TATAR: BM VE AB KIBRIS TÜRKÜNÜN MAĞDURİYETİNİ GİDERMELİDİR
GÜNDEMUlusal Birlik Partisi (UBP) Lefkoşa Milletvekili ve genel Başkan adayı Ersin Tatar, Kıbrıs konusunun bir sonuca bağlanmamasının mağdurunun Kıbrıs Türk halkı olduğunu belirterek, Birleşmiş Milletler (BM) ve AB’nin Kıbrıs Türk halkının mağduriyetini gidermesi gerektiğini ifade etti.
Tatar, yaptığı yazılı açıklamada, Rum tarafının, ucu kapalı, kısa zamanda sonuca ulaşmayı amaçlayan yeni bir sürece girmeyeceğini ortaya koyduğunu belirterek, Rum tarafının doğal gaz arama işlemleri için Türk tarafınca yapılan ortaklık teklifine yanaşmadığı gibi yeni oldu bittiler yaratmak istediğini kaydetti.
Rumların Enosis amaçlı 1963’ü saldırılarının üzerinden 55, 1968 yılında Beyrut’ta görüşmelerin başlamasının üzerinden 50, federasyon kurulması için 1977’de imzalanan Denktaş-Makarios çerçeve anlaşmasının üzerinden 41, Annan Planı’nın referandumda Rumlar tarafından reddinin üzerinden 14, Cumhurbaşkanı Akıncı ile Rum lider arasındaki görüşmelerin başlamasının üzerinden 3 buçuk yıl geçtiğini belirten Tatar, “ Bu 55 yıllık sürede Türk tarafı pek çok kez anlaşma için gereken anlayışı ortaya koymuş ama Rum-Yunan ikilisi bir şekilde anlaşmadan kaçmıştır” dedi.
Tatar, “6 ay-bir yıl içinde Kıbrıs konusunun çözülebileceğini ilan eden Akıncı’nın da yanıldığını, Cumhurbaşkanı Akıncı’nın Rum uzlaşmazlığı yüzünden hayal kırıklığı ile baş başa kaldığını” ifade etti.
Tatar açıklamasını şöyle sürdürdü:
“Avrupa Birliği ile Birleşmiş Milletler’in, hal böyleyken, Kıbrıs Türk halkını mağdur etmeleri ve hala Rum tarafına karşı bir tedbir alamamaları, savunduklarını iddia ettikleri insan hakları ve çağdaş değerlere aykırıdır.

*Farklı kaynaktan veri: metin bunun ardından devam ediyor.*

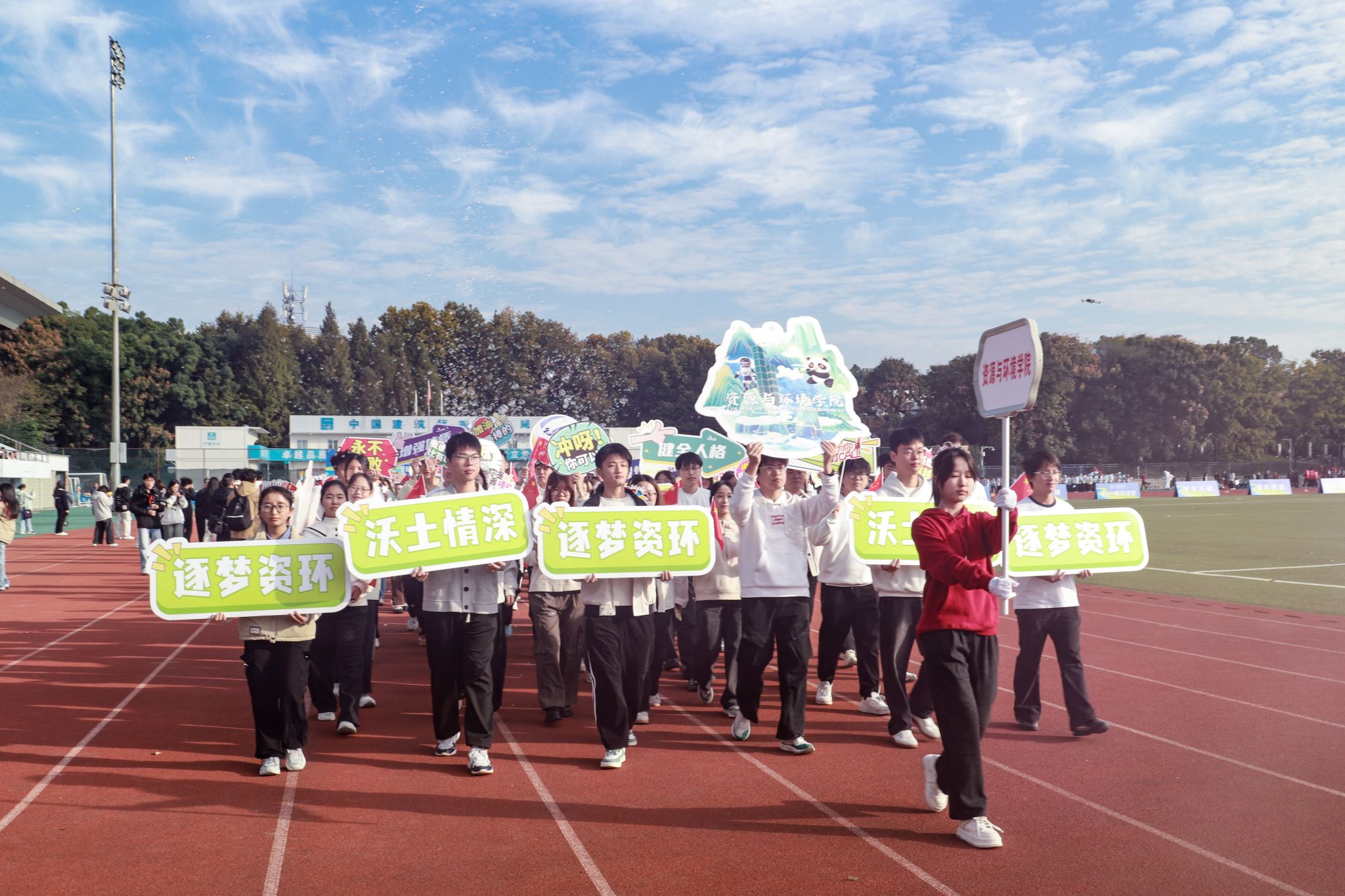 随后,在激昂的背景音乐中,我们运动员方阵昂首阔步向主席台走来。方阵中,部分同学挥舞着鲜艳的五星红旗,红色旗帜在阳光下猎猎翻飞,传递着对祖国的赤诚热爱;另有同学高举“资环逐梦”口号牌,黑色字体遒劲有力,凝聚着资环人奋勇拼搏、追逐梦想的坚定信念。

Birleşmiş Milletler yakında Güvenlik Konseyi’ne sunacağı Kıbrıs raporunda Rum uzlaşmazlığını mutlaka dile getirmeli ve Kıbrıs Türk halkını mağduriyetten kurtarma zamanının geldiğini cesaretle ortaya koymalıdır.
Türk tarafı olarak biz de, Rum oyunlarına, uzlaşmazlığına daha fazla izin vermemeli, mağduriyetlerimizin giderilmesi için uluslararası toplumdan istediklerimizi bir bütünlük içinde ortaya koymalıyız.”